Proof for $\sin(x) > x - \frac{x^3}{3!}$
A standard approach is to let $f(x)=\sin x-\left(x-\frac{x^3}{3!}\right)$, and to show that $f(x)\gt 0$ if $x\gt 0$.
Note that $f(0)=0$. We will be finished if we can show that $f(x)$ is increasing in the interval $(0,\infty)$.
Note that $f'(x)=\cos x-1+\frac{x^2}{2!}$. We will be finished if we can show that $f'(x)\gt 0$ in the interval $(0,\infty)$.
Note that $f'(0)=0$. We will be finished if we can show that $f'(x)$ is increasing in $(0,\infty)$.
So we will be finished if we can prove that $f''(x)\gt 0$ in the interval $(0,\infty)$.
We have $f''(x)=-\sin x+x$. Since $f''(0)=0$, we will be finished if we can show that $f'''(x)\ge 0$ on $(0,\infty)$, with equality only at isolated points. This is true.
Or else for the last step we can use the geometrically evident fact that $\frac{\sin x}{x}\lt 1$ if $x\gt 0$.
Remark: It is more attractive to integrate than to differentiate, but we used the above approach because differentiation comes before integration in most calculus courses.
For the integration approach, let $x$ be positive. Since $\sin t\lt t$ on $(0,x)$, we have $\int_0^x (t-\sin t)\,dt\gt 0$. Integrate. We get $\cos x+\frac{x^2}{2}-1\gt 0$ (Mean Value Theorem for integrals), so $\cos t+\frac{t^2}{2}-1\gt 0$ if $t\gt 0$.
Integrate from $0$ to $x$. We get $\sin x+\frac{x^3}{3!}-x\gt 0$, or equivalently $\sin x\gt x-\frac{x^3}{3!}$. Nicer, by a lot.
Take a decreasing sequence of positive real numbers $a_n$ such that $a_n\to 0$.
Now, consider the sequence $b_k=\sum_{n=1}^k (-1)^{n-1}a_n$. The alternating series criterion guarantee us that it converges to some $b$.
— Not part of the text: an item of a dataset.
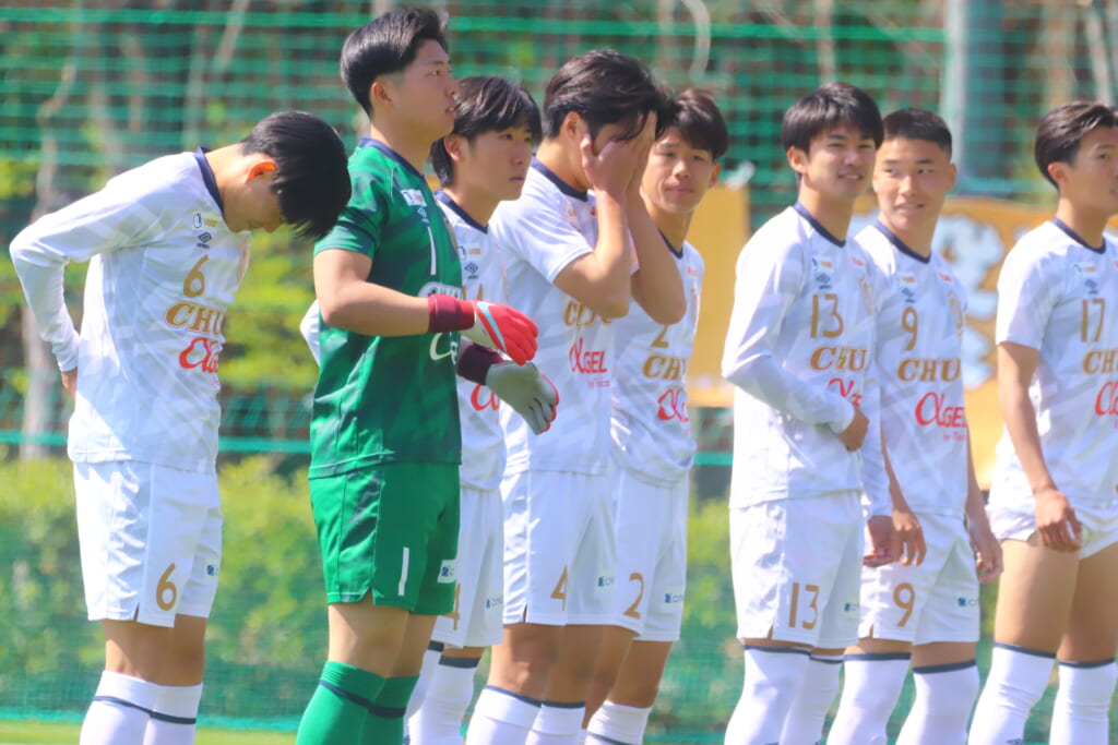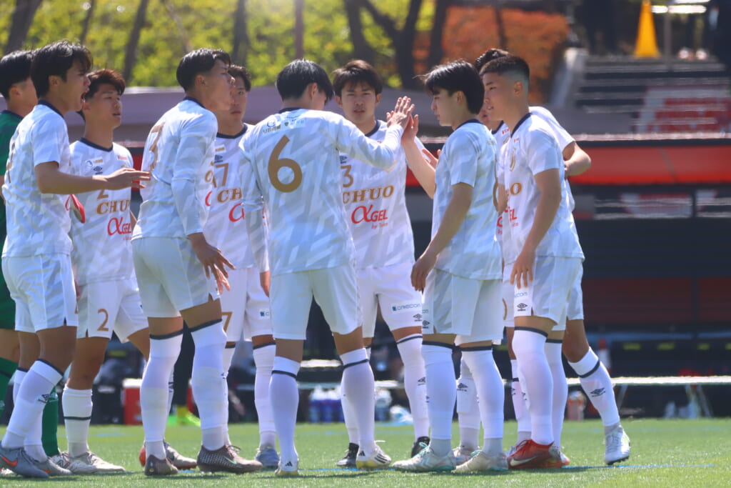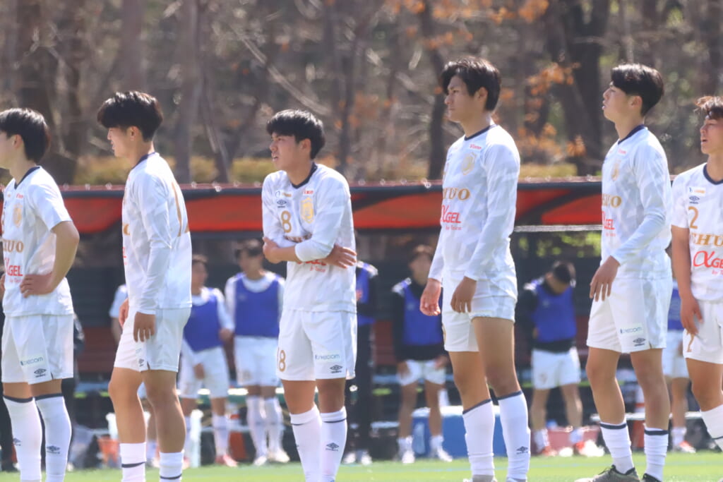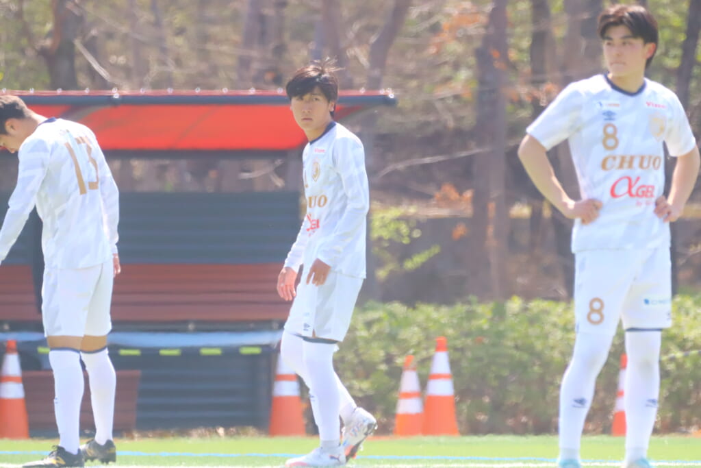 中央大の先発は、GK1磯村颯、最終ラインは右からキャプテンの3常藤奏、4中光叶多、2鷹取駿也、ボランチは8長田叶羽、13岡崎大智、右のウイングバックに6牧嶋波亜斗、左のウイングバックに17中野裕唯、2シャドーに9古川大洋、14尾川丈、前線には10北浜琉星。

Note that $b_1=a_1$, $b_2=b_1-a_2\in(0,b_1)$, $b_3=b_2+a_3\in(b_2,b_1)$, etc. So the limit $b$ is lesser that the terms $b_{2k+1}$ and greater than $b_{2k}$.
Then, if $x<\sqrt 6$, $$\sin x=\sum_{n=1}^\infty(-1)^{n-1} \frac{x^{2n-1}}{(2n-1)!}>\sum_{n=1}^2(-1)^{n-1} \frac{x^{2n-1}}{(2n-1)!}=x-\frac{x^3}{3!}$$
If $x\geq\sqrt 6$, the function $f(x)=x-x^3/6$ is decreasing and $f(\sqrt 6)=0$, so $f(x)<0$ for $x>\sqrt 6$. Since $\sin x>0$ for $0<x<\pi$, we have that $\sin x>f(x)$ for $0<x<\pi$. (Note that $\sqrt 6<\pi$).
Last, for $x\geq \pi$, $\sin x\geq -1$ and $f(x)<f(\pi)<f(3)=3-4.5<-1$.
You just have to prove your inequality when $x\in(0,\pi)$, since otherwise the RHS is below $-1$. Consider that for any $x\in(0,\pi/2)$, $$ \sin^2 x < x^2 \tag{1}$$ by the concavity of the sine function. By setting $x=y/2$, $(1)$ gives: $$ \forall y\in(0,\pi),\qquad \frac{1-\cos y}{2}<\frac{y^2}{4}\tag{2}, $$ so: $$ \cos y > 1-\frac{y^2}{2} \tag{3} $$ for any $y\in(0,\pi)$. By integrating $(3)$ with respect to $y$ over $(0,x)$ we get our inequality.